US casino operator Caesars Entertainment Corporation (CEC) said Tuesday that it has reached an agreement to reduce debt at its subsidiary Caesars Entertainment Operating Company (CEOC) by $548m and cut interest expense by $34m annually.

Caesars chairman and CEO Gary Loveman said that the transaction is the latest in a series of steps intended to deleverage CEOC and position it for a potential stock listing.

“The transaction will reduce CEOC's leverage and interest payments,” said Loveman. “We are steadfast in our commitment to work constructively with creditors to deleverage CEOC and create value.”

The company will purchase and retire $238m of CEOC's outstanding 2016 and 2017 notes held by third parties, equivalent to 51 per cent not held by affiliates of CEC.

Caesars has also agreed to contribute to CEOC for retirement $393m of CEOC 2016 and 2017 notes currently held by CEC subsidiaries.  
As part of the transaction, CEOC said that it received agreement for consents to amendments of certain terms of the notes and the indentures governing the notes, including a consent to the release of CEC's debt guarantee.

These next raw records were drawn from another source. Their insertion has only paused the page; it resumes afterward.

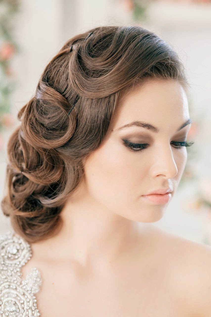 But it is best to lay the hair on one side and complement them with rhinestones, hairpins and feathers. Then you will rather be able to achieve the perfect image of the bride of those times.
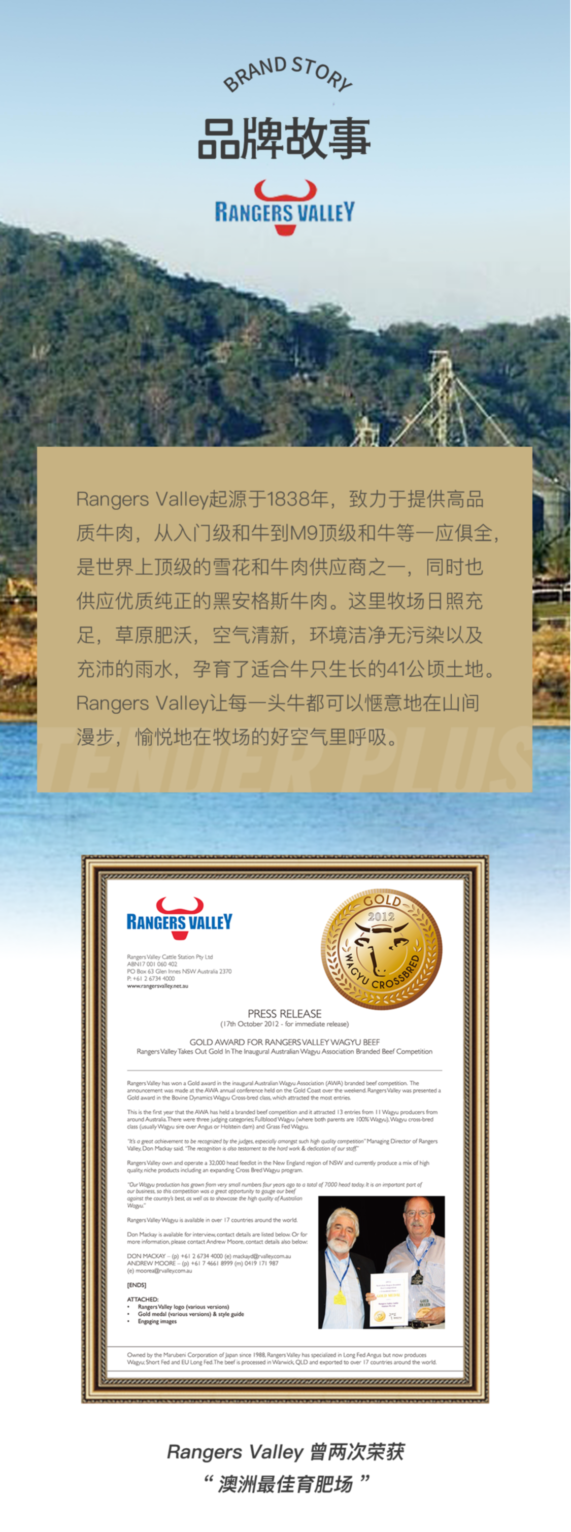 澳洲 Rangers Valley M7 和牛雪花肉块250g*3
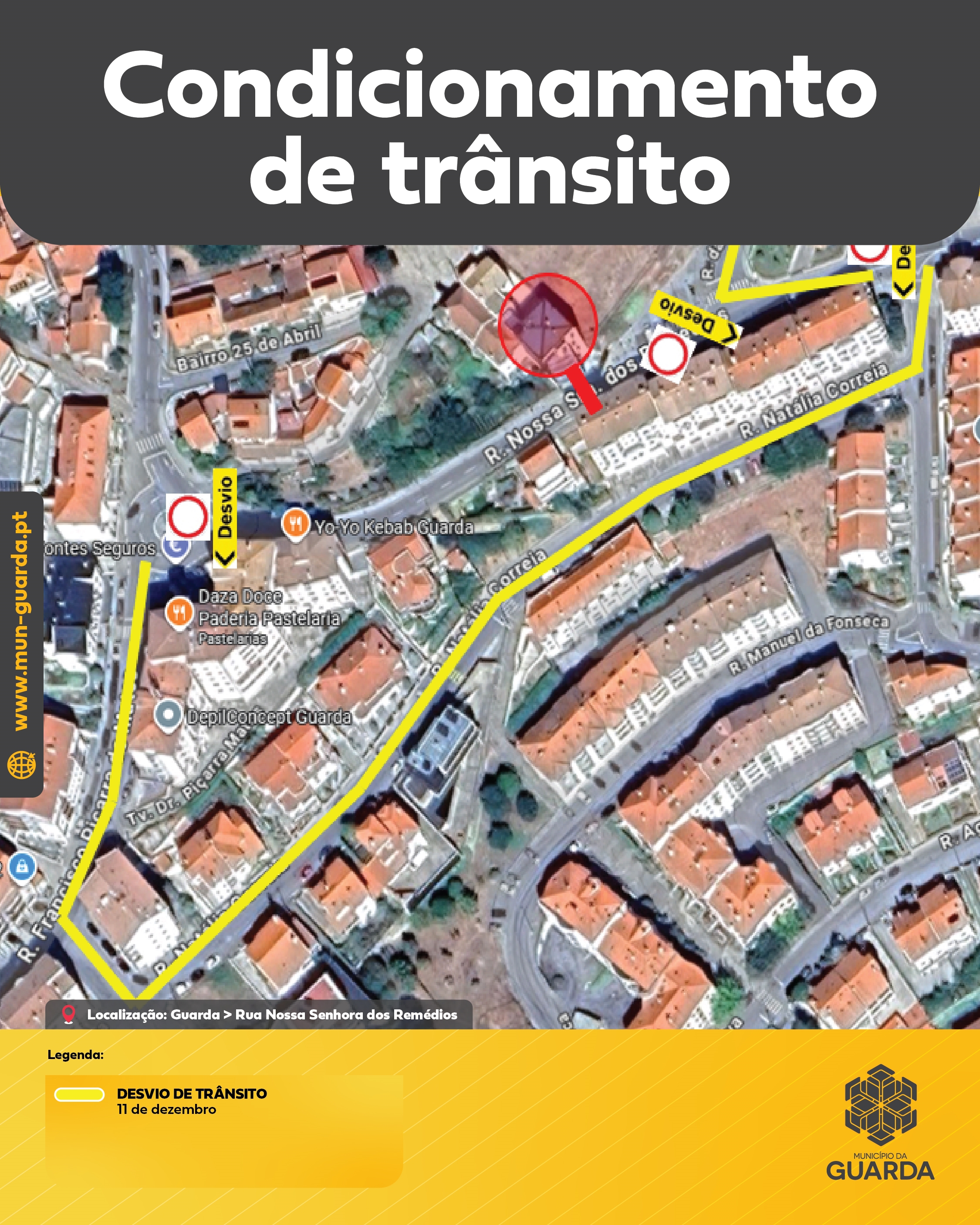 Aviso | Corte de trânsito – 11 de dezembro | Rua Nossa Senhora dos Remédios [Guarda]

The proposed transaction will reduce CEOC's debt by $548m and cut interest expense by $34m annually.

Last month, Caesars appointed a new management team to head up CEOC, with John Payne taking over as chief executive after nearly 19 years with the company in various senior roles.

Shares in Caesars Entertainment Company (Co. Data) (NASDAQ:CZR) hit a new 52-week low of $11.21 per share in New York yesterday following the release of its first half results, before closing at $12.78, down 6.51 per cent in trading.